Шрифт:
– Ы-ы-ы-ы!.. Ы-ы-ы-ы-ы… ы-ы-ы-ы!.. Бестолочь!. Ну, почему я такая бестолочь?!!
5. Пробежки сквозь себя
Сейчас я пробегаю иногда из Армянского, где преподаю режиссуру, по Кривоколенному переулку куда-нибудь в редакцию за свеженьким сборником своих пьес и чувствую, что где-то здесь бродит та самая девочка, заряженная, как бомба с часовым механизмом. Она, хрупкенькая такая с виду, тащит в себе весь тот запас зелёных, не созревших ещё даров, проблем и любви, никуда не деваемой, как неразменный пятак величиной с планету, – словом, всего того, что я расхлёбываю вот уже не одно десятилетие.

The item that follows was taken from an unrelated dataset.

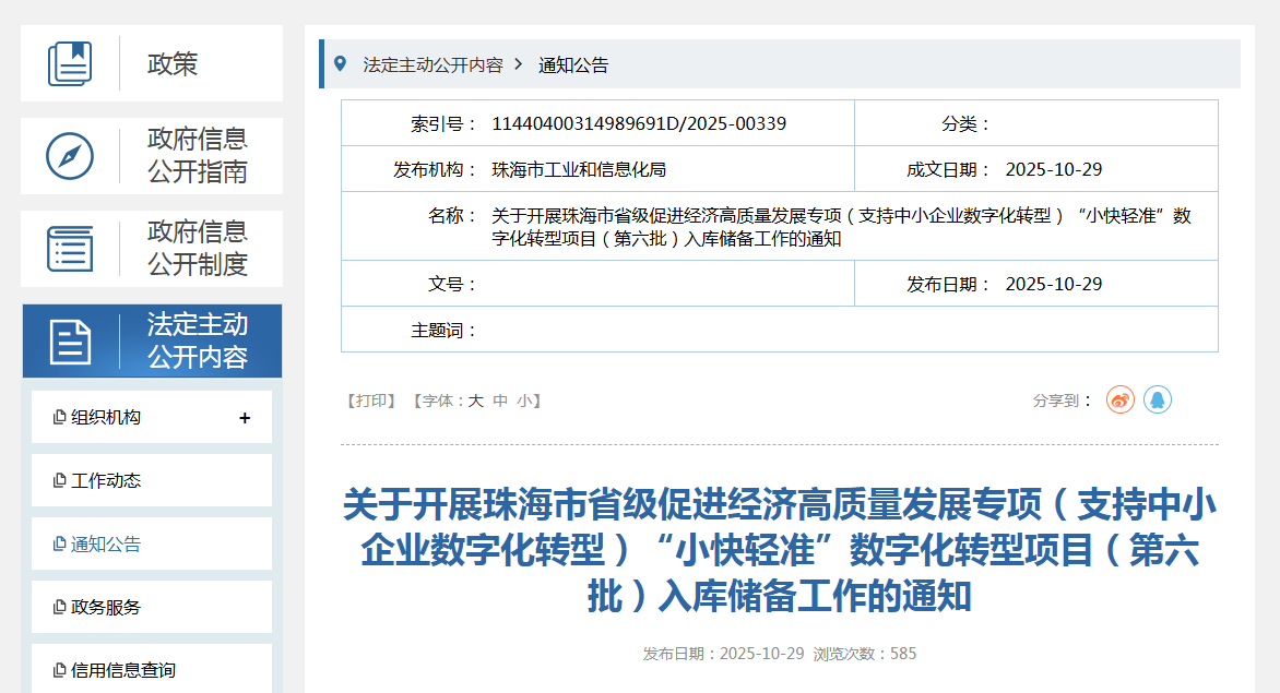 关于开展珠海市省级促进经济高质量发展专项(支持中小企业数字化转型)“小快轻准”数字化转型项目(第六批)入库储备工作的通知

Она ещё ничего ни о чём не знает: состоится ли, сбудется ли, даже не знает, возьмут ли её в театральный институт. Она только хочет, непомерно много хочет. И мы проскакиваем друг через дружку насквозь: она, уже опалённая, но ещё ничего не ведающая, и я – уже столько пылавшая и столько вкусившая!..
Сейчас тут всё изменилось, и я пытаюсь вспомнить, в какой подъезд она, эта девочка, заходила и как поднималась на верхний этаж, в эту нашпигованную болью коммуналку, чтобы скрывать за милыми улыбками и шутками свои тайно гудящие потоки.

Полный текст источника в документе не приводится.